* [Supplied records]:

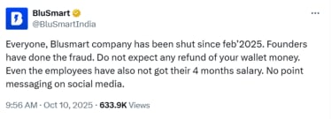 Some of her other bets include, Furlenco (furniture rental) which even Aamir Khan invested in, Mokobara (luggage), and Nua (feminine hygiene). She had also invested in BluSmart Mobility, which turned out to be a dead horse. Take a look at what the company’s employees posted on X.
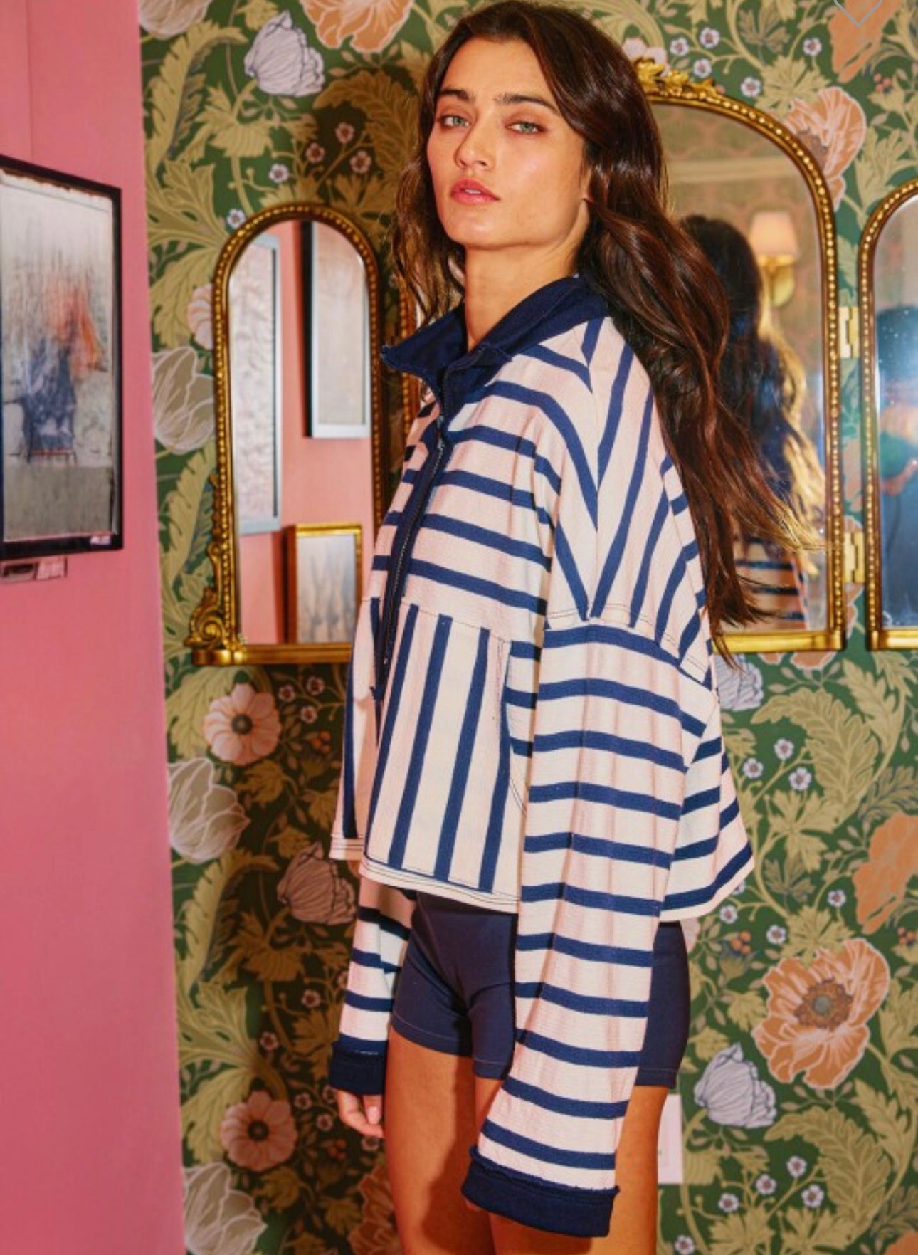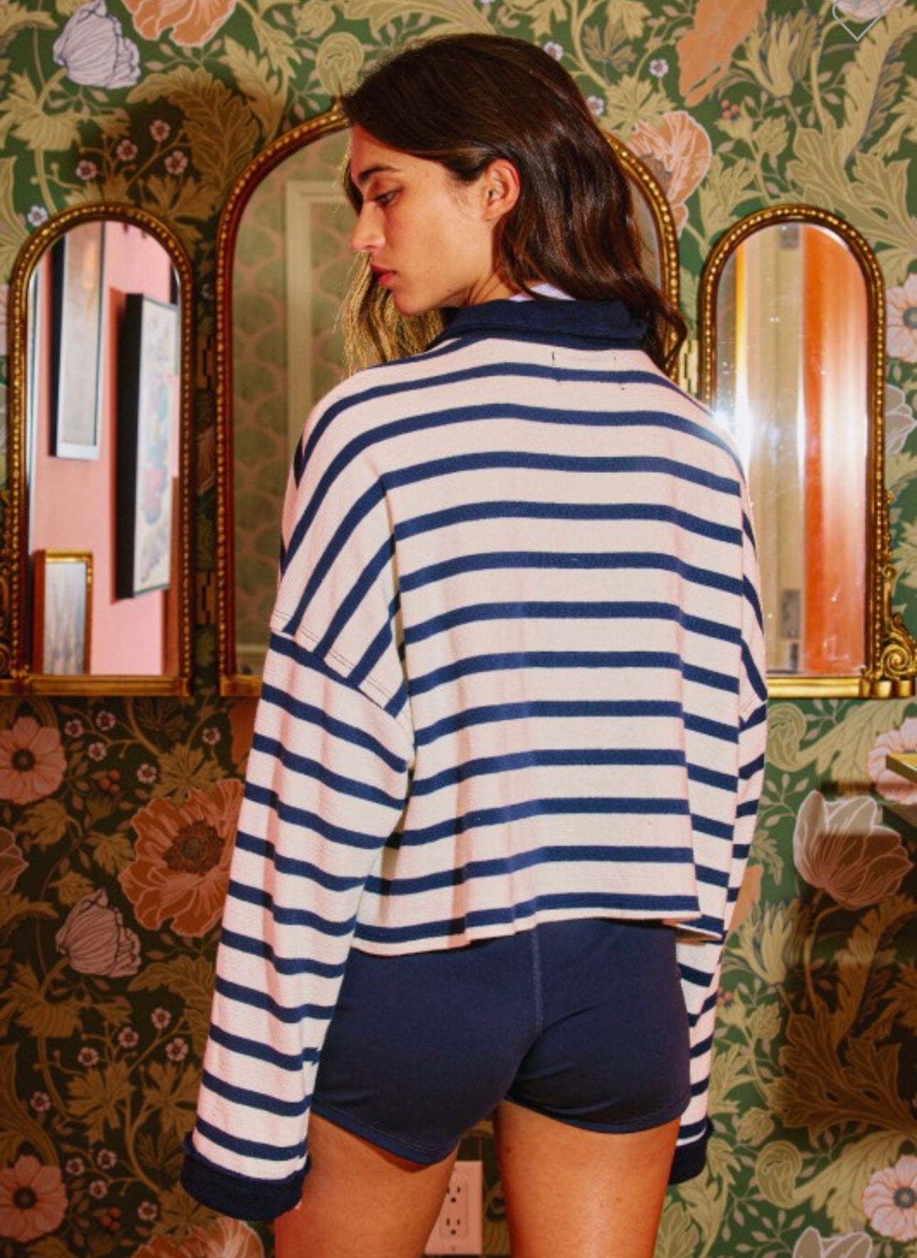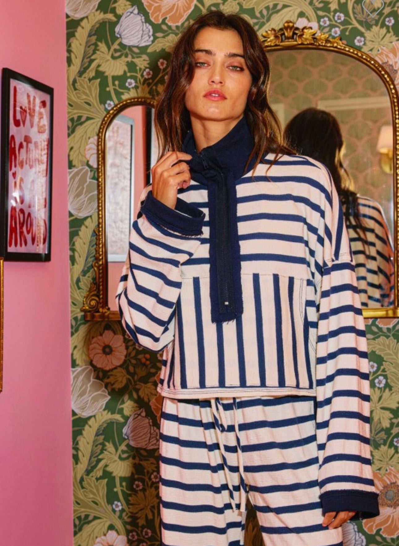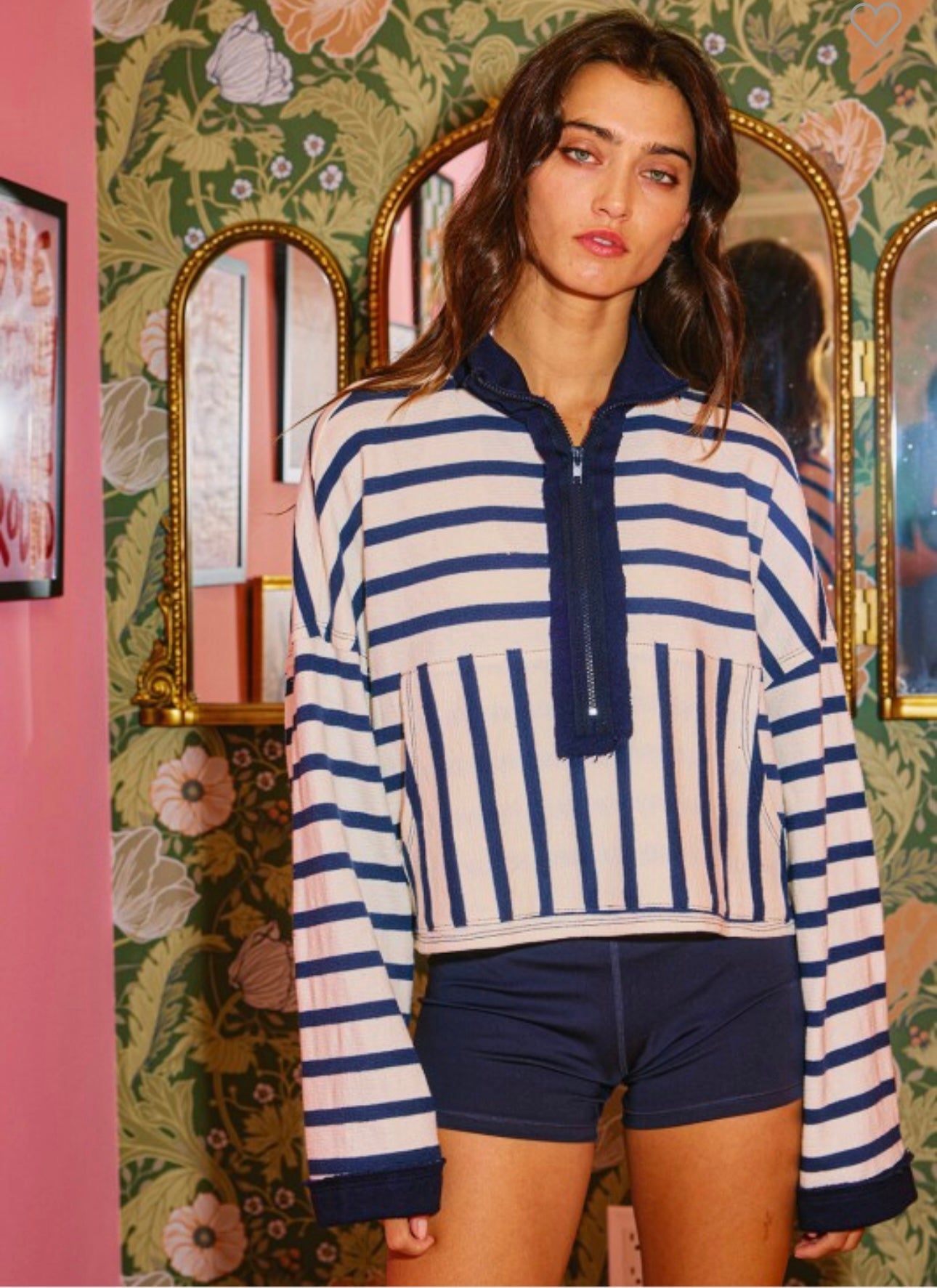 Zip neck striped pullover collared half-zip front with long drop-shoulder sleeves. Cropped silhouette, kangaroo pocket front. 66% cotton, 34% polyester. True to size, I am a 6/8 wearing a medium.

==

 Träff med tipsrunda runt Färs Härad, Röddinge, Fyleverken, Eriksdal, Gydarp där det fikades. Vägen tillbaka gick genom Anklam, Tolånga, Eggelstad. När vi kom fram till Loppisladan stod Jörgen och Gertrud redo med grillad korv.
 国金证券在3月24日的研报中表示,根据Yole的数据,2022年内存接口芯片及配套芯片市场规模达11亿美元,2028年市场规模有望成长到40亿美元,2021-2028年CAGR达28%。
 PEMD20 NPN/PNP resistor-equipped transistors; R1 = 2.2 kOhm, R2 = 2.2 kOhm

==

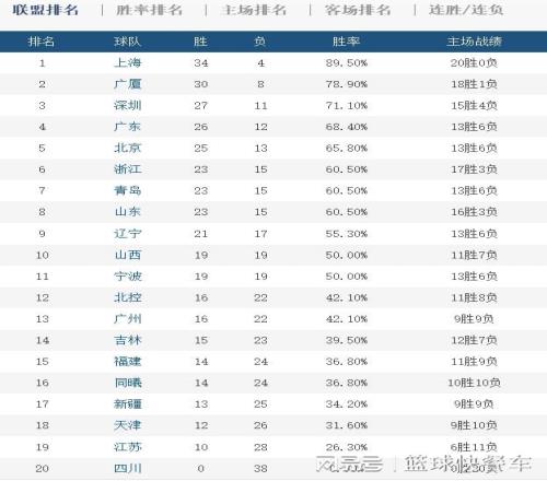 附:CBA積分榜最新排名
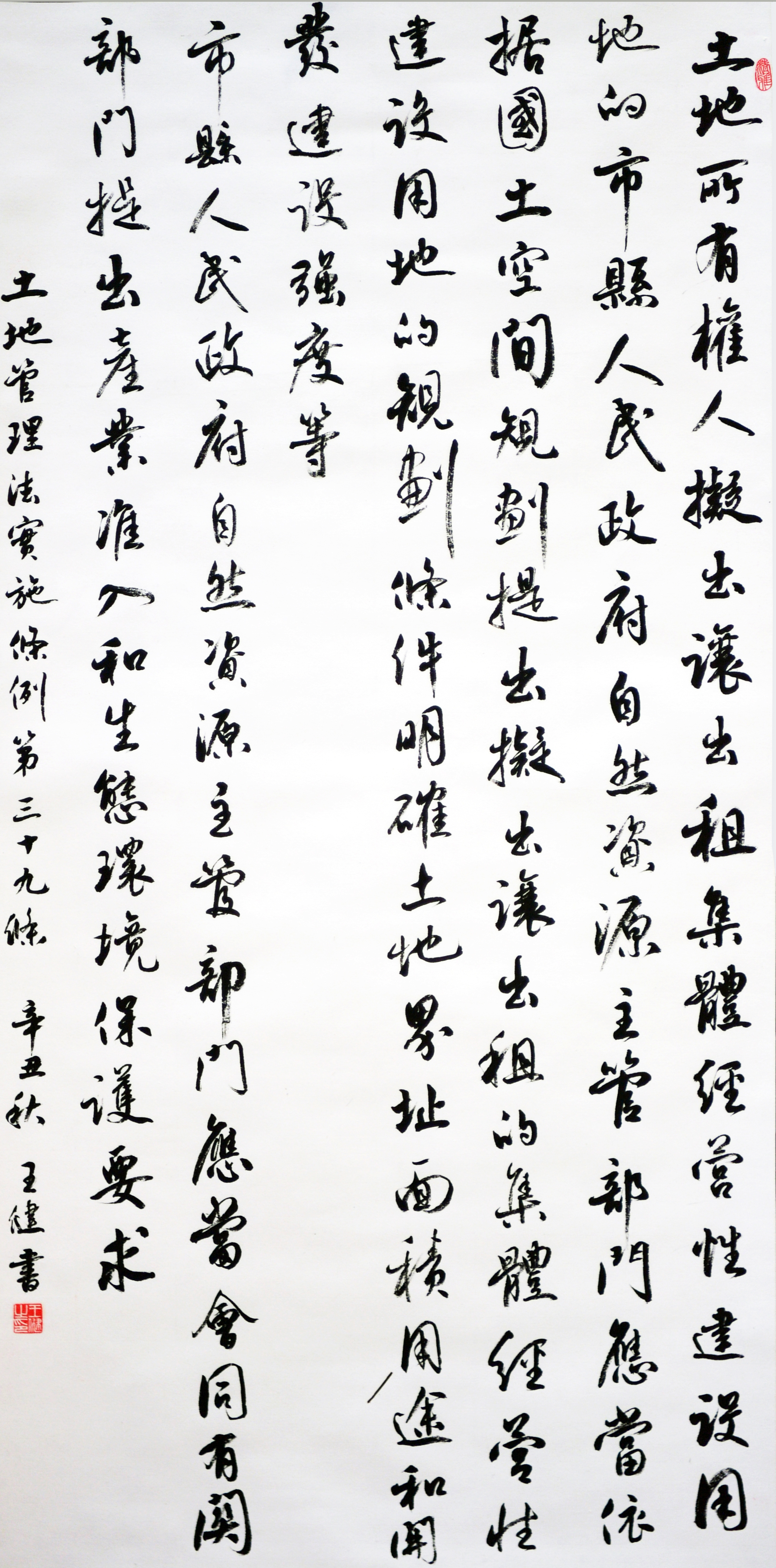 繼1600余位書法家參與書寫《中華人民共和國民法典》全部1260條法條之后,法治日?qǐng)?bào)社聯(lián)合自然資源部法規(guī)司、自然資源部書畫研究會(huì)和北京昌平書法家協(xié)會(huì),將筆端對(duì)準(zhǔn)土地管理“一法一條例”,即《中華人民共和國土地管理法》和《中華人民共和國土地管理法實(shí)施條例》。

* [What needs to be done]: The lines to set down run from the line with "Some of her" up to and including the line with "Zip neck striped" in the entries above. Reproduce them exactly, with no pictures.

* [Output for this task]:
 Some of her other bets include, Furlenco (furniture rental) which even Aamir Khan invested in, Mokobara (luggage), and Nua (feminine hygiene). She had also invested in BluSmart Mobility, which turned out to be a dead horse. Take a look at what the company’s employees posted on X.
 Zip neck striped pullover collared half-zip front with long drop-shoulder sleeves. Cropped silhouette, kangaroo pocket front. 66% cotton, 34% polyester. True to size, I am a 6/8 wearing a medium.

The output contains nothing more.